# Dangerous tortoise attack.



## fgately (Aug 26, 2011)

Run for your life!

http://www.youtube.com/watch?v=ddvuCBbFxh0&feature=player_embedded


----------



## AshleyJones (Aug 26, 2011)

fgately said:


> Run for your life!
> 
> http://www.youtube.com/watch?v=ddvuCBbFxh0&feature=player_embedded



LOL how funny!


----------



## CtTortoiseMom (Aug 26, 2011)

I want to see what happens when he stop's! That was awesome!


----------



## Yvonne G (Aug 26, 2011)

Now THAT'S funny! No doubt about it...that tortoise is definitely a male!


----------



## Jacqui (Aug 26, 2011)

darn, here I thought it should him actually "attacking" instead all he is doing is following the guy around. Does show they can move when they want too.


----------



## Yvonne G (Aug 26, 2011)

Jacqui said:


> darn, here I thought it should him actually "attacking" instead all he is doing is following the guy around. Does show they can move when they want too.

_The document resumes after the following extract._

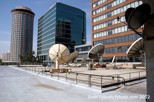 The KMOX studios may not have had the dramatic Arch view, but they did open onto a flag-bedecked patio surrounding the radio and TV stations’ satellite dishes, up on the roof above the channel 4 studios downstairs.
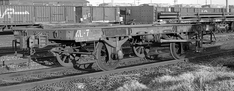 Most container use involves unloading the container from the wagon before unloading the contents of the container. In the early days of container use on the VR most locations were not equipped to physically take the container off the wagon so the container had to be unloaded as it sat on the wagon. With the introduction of KQ's it was impossible to load/unload the container as it sat on the KQ so the KL's were designed to be coupled to a KQ destined for a loaction without unloading facilities. Exactly how the KL assisted in unloading is unknown. A forklift could be used but that would require some sort of plate/ramp to bridge the gap between the KL and KQ and no evidence exists of such a ramp. Maybe the container was hand unloaded, perhaps with a road truck backed onto the KL.The only KL's I saw from 1977 on were in storage so I presume revenue use ceased before 1977. | |||||||||||||

There's another video by that same guy on that page that actually shows him ramming the wheel chair.


----------



## 100mph tortoise (Aug 26, 2011)

Thats to funny,now thats a 100mph tortoise


----------



## RV's mom (Aug 26, 2011)

that boy got his long run for the day in.. who said a tortoise can't run?


----------



## dmarcus (Aug 26, 2011)

Wow he sure can move...


----------



## drgnfly2265 (Aug 26, 2011)

Too cool!


----------



## Ashliewood (Aug 26, 2011)

So funny!


----------



## j156ghs (Aug 26, 2011)

fgately said:


> Run for your life!
> 
> http://www.youtube.com/watch?v=ddvuCBbFxh0&feature=player_embedded



Too cute! I'm hope the guy doesn't ever put it into reverse accidentally. I was wondering if the tort was just obessed with another moving object, was trying to mate or to eat?


----------



## ascott (Aug 26, 2011)

LMAO.....both vids very funny..poor pissed off tort....


----------



## lynnedit (Aug 26, 2011)

Lol, that guy can MOVE...


----------



## dbsneed69 (Aug 27, 2011)

How funny is that!? I want an attack tort!!!


----------



## Yvonne G (Aug 27, 2011)

dbsneed69 said:


> How funny is that!? I want an attack tort!!!

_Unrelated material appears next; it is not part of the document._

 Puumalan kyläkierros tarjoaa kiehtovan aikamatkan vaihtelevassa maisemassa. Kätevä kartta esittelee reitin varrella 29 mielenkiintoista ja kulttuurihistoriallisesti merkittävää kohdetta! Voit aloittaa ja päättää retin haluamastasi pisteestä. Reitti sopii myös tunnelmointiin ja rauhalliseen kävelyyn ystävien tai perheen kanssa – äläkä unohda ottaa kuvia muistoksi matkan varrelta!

No you don't. It hurts like hell when they ram your ankles!


----------



## DocNezzy (Aug 29, 2011)

LOL. Pretty fast!


----------



## dbeilfuss (Aug 29, 2011)

fgately said:


> Run for your life!
> 
> http://www.youtube.com/watch?v=ddvuCBbFxh0&feature=player_embedded


Thanks for sharing that video. We just brought home our 60lb sully last week. When he was introduced to our mini dauchsand he chased him for over two hours. The whole time the poor dog was barking and looking like he was going to get trampled. 

Silly dog would hide behind my legs while our tort would just try to ram through my legs.....less than a week later they are the best of friends. They now take daily naps together cuddling in the same corner of the yard and still have a chasing round daily....I think just for the fun of it now though.


----------



## ALDABRAMAN (Aug 31, 2011)

Great.


----------



## drgnfly2265 (Sep 1, 2011)

The only way Bowser would do that is if I tied some food to the back of the chair...


----------



## Candy (Sep 1, 2011)

That is too funny!


----------



## lynnedit (Sep 1, 2011)

dbeilfuss said:


> fgately said:
> 
> 
> > Run for your life!
> ...



I really think we need to see pictures of those two!


----------